In the series Documentary Arts and Culture
Published by the University of North Carolina Press and CDS Books at the Center for Documentary Studies in March 2010
224 pages
$22.95, paperback | ISBN 078-0-8078-7102-7
$45.00, hardcover | ISBN 078-0-8078-3357-5

Available at bookstores or from the University of North Carolina Press
Publication date: March 2010

Over the last few decades, the radio documentary has developed into a strikingly vibrant form of creative expression. Millions of listeners hear arresting, intimate storytelling from an ever-widening array of producers on programs including This American Life, StoryCorps, and Radio Lab; online through such sites as Transom, the Public Radio Exchange, Hearing Voices, and Soundprint; and through a growing collection of podcasts.

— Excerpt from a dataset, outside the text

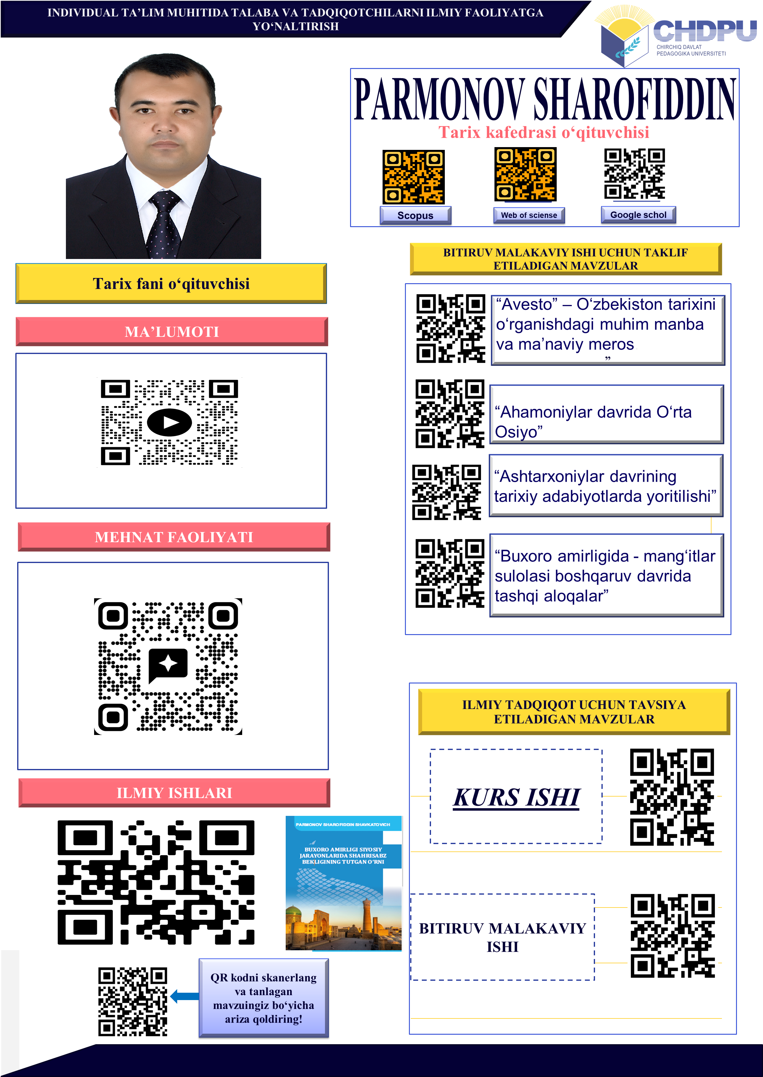 CHDPU Gumanitar fanlar fakulteti O‘zbekiston tarixi kafedrasi o‘qituvchisi

Reality Radio celebrates today’s best audio documentary work by bringing together some of the most influential and innovative practitioners from the United States, Canada, the United Kingdom, and Australia. In these twenty essays, documentary makers tell—and demonstrate, through stories and transcripts—how they make radio the way they do, and why.

Whether the contributors to the volume call themselves journalists, storytellers, even audio artists—and although their essays are just as diverse in content and approach—all use sound to tell true stories, artfully.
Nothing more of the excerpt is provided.